A exceção fica para os devedores do Detran inscritos em dívida ativa. A PGE montou três guichês exclusivos para eles – um apenas para emissão de guia e documento do veículo e dois para parcelamento por meio do cartão de crédito, cujo parcelamento pode ser feito em até 12 vezes.

Nestes guichês, poderão ser negociados IPVA, multas, DPVAT e licenciamento do veículo. Segundo a empresa credenciada pelo Detran/MT para esta tarefa, o interessado pode até usar mais de um cartão de crédito. Dúvidas podem ser tiradas pelo telefone 0800-941-4462.

Durante a negociação, o contribuinte deve estar de posse de seus documentos de identificação. Se pessoa física: RG ou CPF ou CNH (Carteira Nacional de Habilitação). Se pessoa jurídica: contrato social ou última alteração contratual.

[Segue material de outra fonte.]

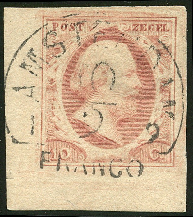 2i-Pl.V-21. Zeer breed gerand schitterend, licht gestempeld hoekstuk met watermerklijn. Luxe!
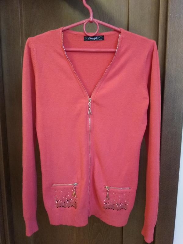 Кофта кашемировая на красивой молнии, удобная и мягкая. Карманы декоративные, украшенные молниями и стразиками. Длина: 62 см, обхват по линии талии: 74 см, ширина плеч: 34 см, длина рукава: 62 см (манжет можно завернуть).
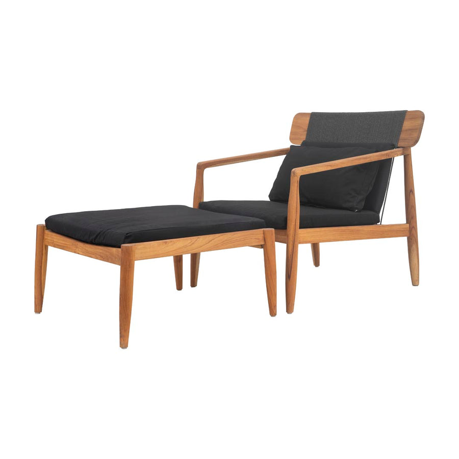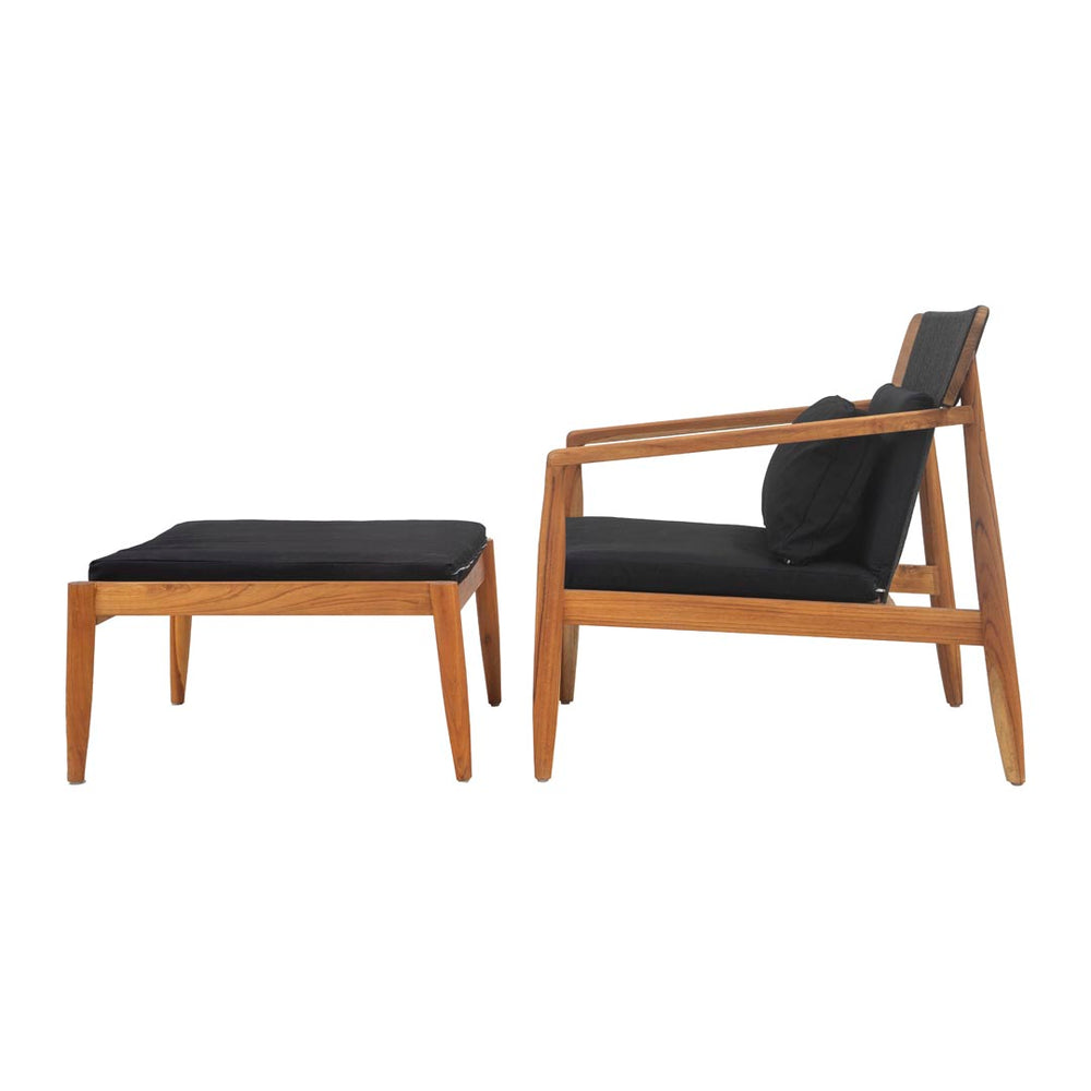 Sezlong negru din lemn de tec si perne de bumbac
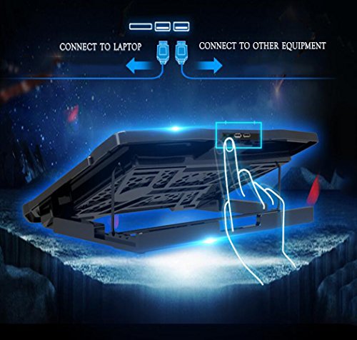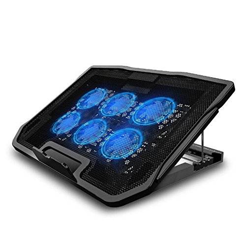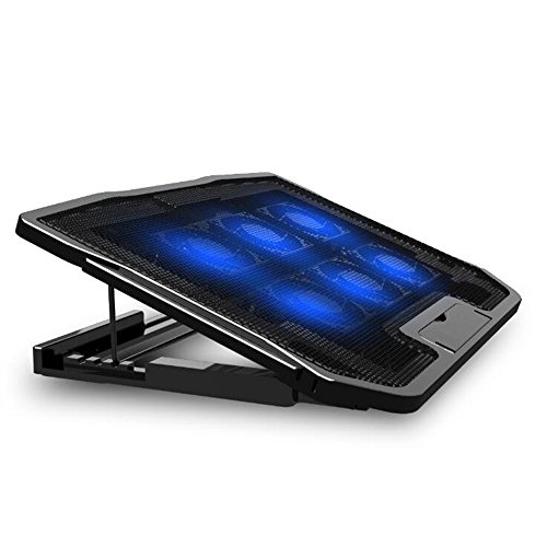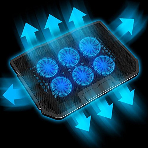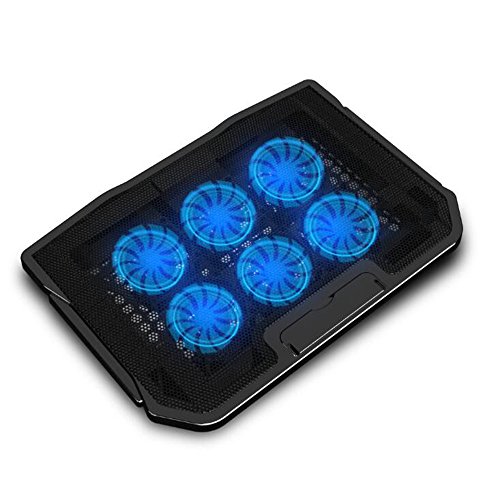 -. Feature : Ultra Quiet 6 built-in fans: allow for maximum airflow and cooling while you work or play. Each fan is 70mm and spin at over 2,400 RPM air flow. / The blue lights add to the aesthetics of the cooler and will catch your eyes in no time. / 2 USB Interface: at the top of the middle cooling pad set two Gold-plated USB interface, at the bottom of the design adopted the anti-skid pads, surface increase LCD display speed, easy to use and safe / Application: camping, travel, office, home and other rest. Ergonomics Design: 5 adjustment levels,unique design of tilt scheduling and comfortable elevation for notebook radiator. Support 10-15.6 inch notebook. Ultra-Portable: slim,portable,and light weight (about 1kg net weight), allowing you to protect your PC wherever you go. / Package Includes: 1 x laptop cooling pad,1 x USB cable.
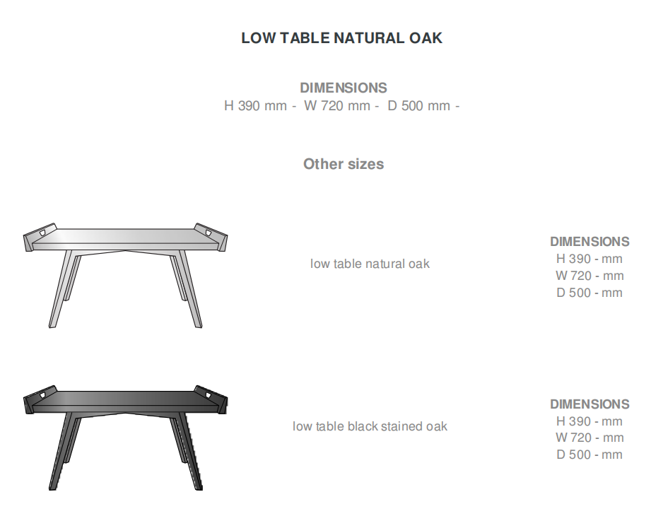 A reproduction of an occasional table which was amongst Pierre Paulin's very first designs from 1953. Scandinavian-inspired, the purity of its lines, its geometric treatment and in particular its four oblique legs are characteristic of the style of the Fifties. Its cutout hand-holds lend it a mobility which also enables it to be used as a serving or breakfast tray. Mobile occasional table in solid natural or black-stained oak or in wild cherry. Top with two cutout handles. Slim lateral edging on the two long sides. The screen-printed signature of Pierre Paulin appears in light grey on the edge of the top near the handle.
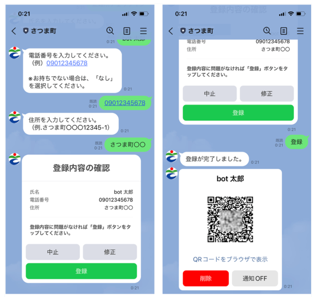 住民は、避難者名簿に記載していた情報(氏名、電話番号、住所)を、さつま町LINE公式アカウントから登録し、専用のQRコードを発行します。避難当日はこのQRコードを見せるだけで避難手続き完了。一度登録しておくだけで何回でも使用する事が可能です。(※一人のLINEアプリで複数人の登録も可能)
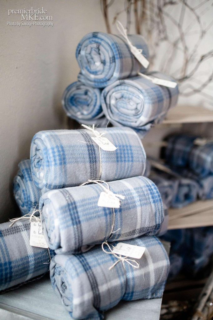 In addition to the more grand reception decor, Cassie also handled the centerpieces, photo tables, and party favors: hot cocoa and marshmallows in a jar with a tag that said “Thank you SNOW much!” She also came up with a fabulously unique alternative guest book. Instead of a book, there was a small artificial Christmas tree on display. Guests were invited to sign an ornament and hang it on the tree. “Now every year we can put it up as another tree in our home.”
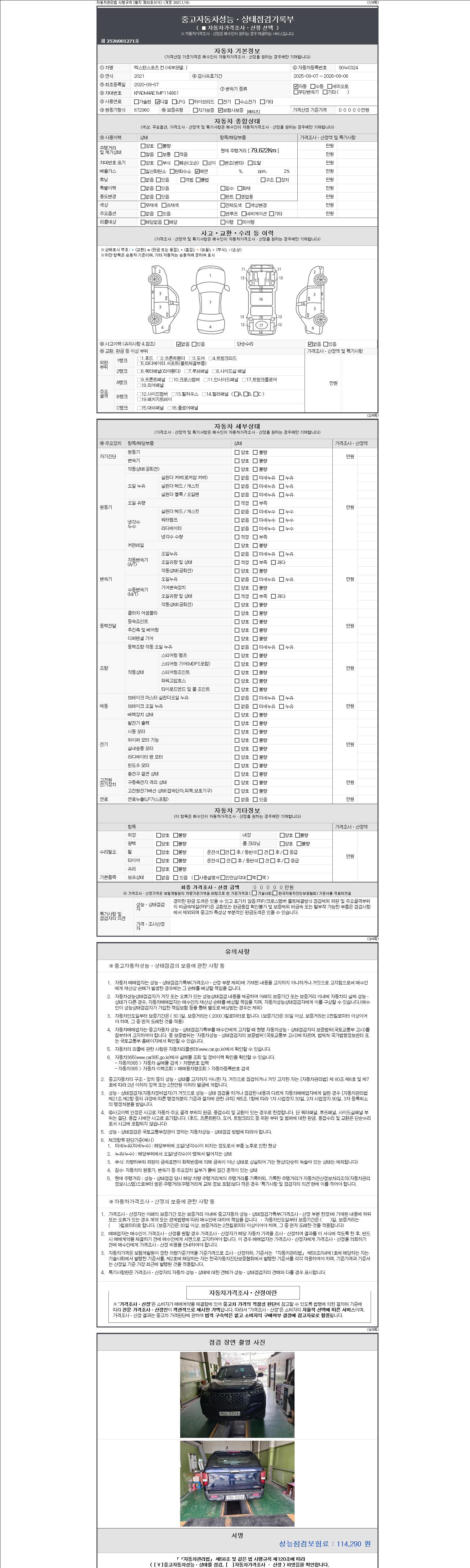 | 주행거리 | 79,622 km | 차량번호 | 90누0324 | 사고유무 | 성능기록부 참조 | 제시번호 | 제 2147483647 호 |
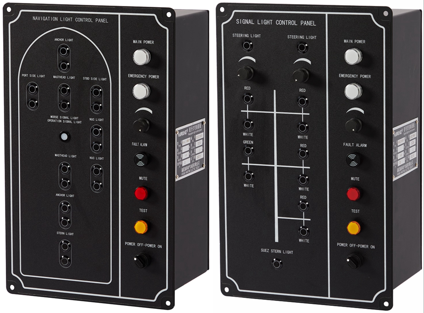 海星集團研發(fā)的航行燈控制器(HX-NLC)與信號燈控制器(HX-SLC),是專為船舶復雜航行環(huán)境設計的智能控制設備。它們承擔著船舶夜間航行、惡劣天氣預警及信號通信的關(guān)鍵任務,通過精準控制航行燈與信號燈的啟閉邏輯,為船舶提供全天候可視化安全保障,是船舶航行安全的“神經(jīng)中樞”??刂破髟O有調(diào)光、試燈、消音等按鈕,具有主備電源自動轉(zhuǎn)換、主電失電報警、航行燈信號燈故障報警等功能,深受廣大用戶的喜愛和信賴
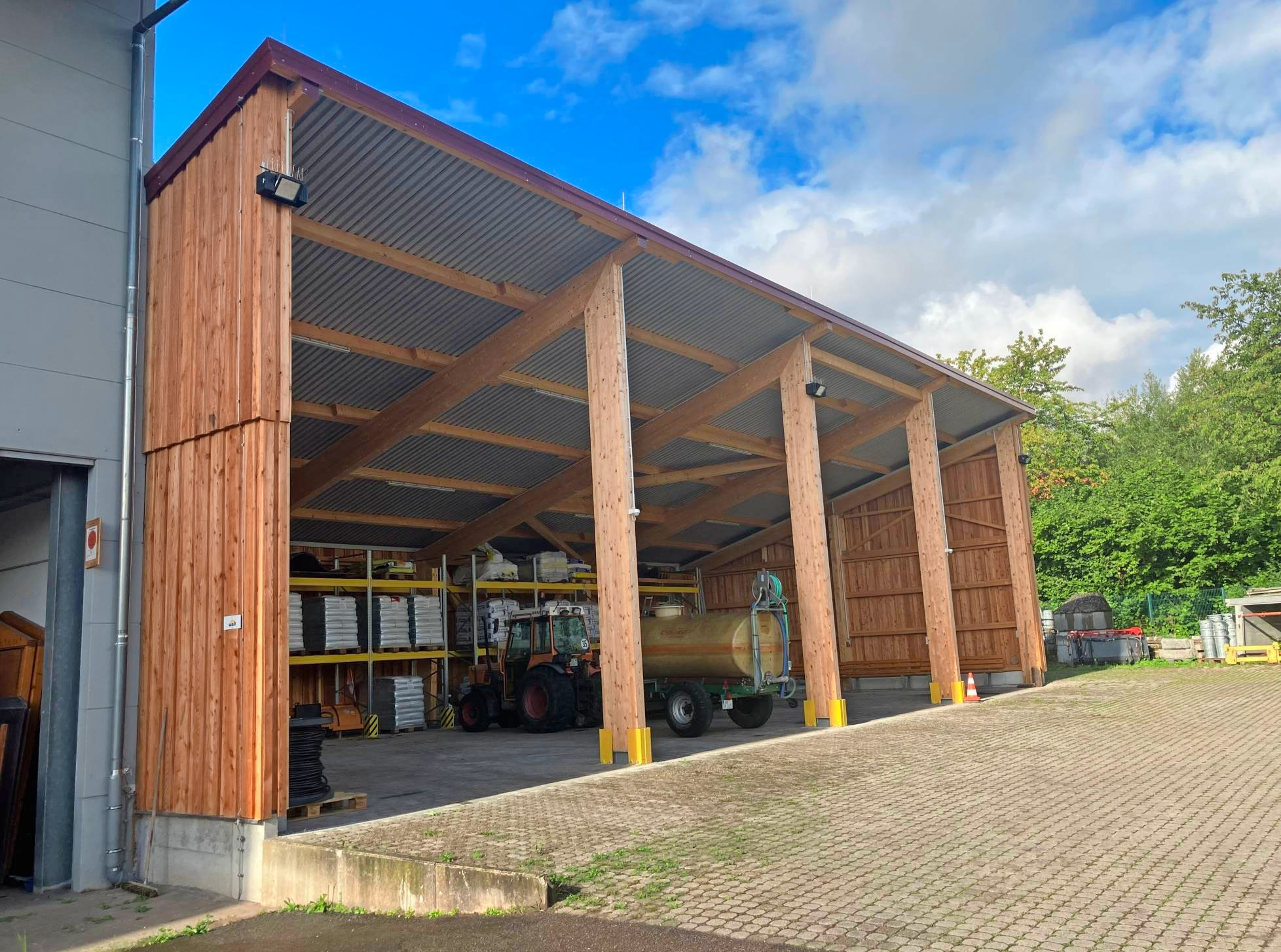 Errichtet wurde das 20 mal 10 Meter große offene Gebäude in Holzbauweise mit einem Trapezdach.
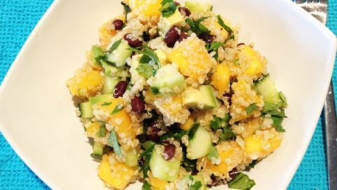 Crisp baby spinach blends with sweet mango, tender chicken and a sprinkle of red quinoa in this refreshing salad. Complete with your veggies, protein and wholegrain, this salad is a balance meal in and of itself.
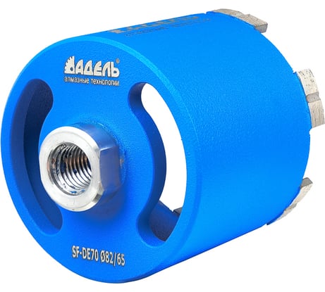 Коронка приобреталась для проведения электромонтажных работ по монолитному бетону в новостройке. Бетон по прочности "на твердую троечку с минусом". Коронка прошла 30 отверстий под глубокие подрозетники (Schneider d68mm/h60mm). Отверстия в пенобетоне и гипсолите в расчет не брал. Выработка сегментов около 40%. Расчетный ресурс ~ 60-65 отверстий. Средняя "цена" расходника на одно отверстие в таком бетоне получается около 60-80 руб., что не может не радовать В качестве установки бурения использовалась дрель с системой микроудара. (Коронки серии DH/DiamondHit ни в коем случае нельзя использовать с ударным перфоратором) Участки бетона, где по линии разделки отверстий отсутствовала арматура, коронка проходила в режиме сверления. Микроудар подключался только на участках встречи с арматурой. Время на 1 подрозетник глубиной 60мм в режиме сверления составило ок. 1-1,5 минут. С микроударом его можно сократить процентов на 30%, но это не вполне оправдано, т.к. от удара сильно растет выработка сегментов, а время работы сокращается не критично. Время разделки отверстий с двойной арматурой (на фото ниже) - до 3-4 минут. С коронкой желательно использовать родную систему пылеотвода, т.к. пыль в коронке DE идет "на оператора", но даже без системы в сравнении с коронками с боковыми отводами, пыли значительно меньше.

Caso não seja o responsável legal, é preciso procuração.

 

Balanço do MutirãoDurante o Mutirão Fiscal Fecha Acordo do Governo de Mato Grosso, em parceria com o Poder Judiciário Estadual, foram negociados mais de 90 mil acordos, cujo valor bruto, ainda incluídos juros e multas, foi R$ 190,2 milhões.

Com os descontos concedidos, que podem chegar até 75% do valor da multa e juros, os valores ficaram em R$ 104,7 milhões.

Deste total, R$ 59,82 milhões foram quitados à vista ou são referentes à primeira parcela. O restante (R$ 44,88 milhões) entrará nos cofres estaduais parceladamente.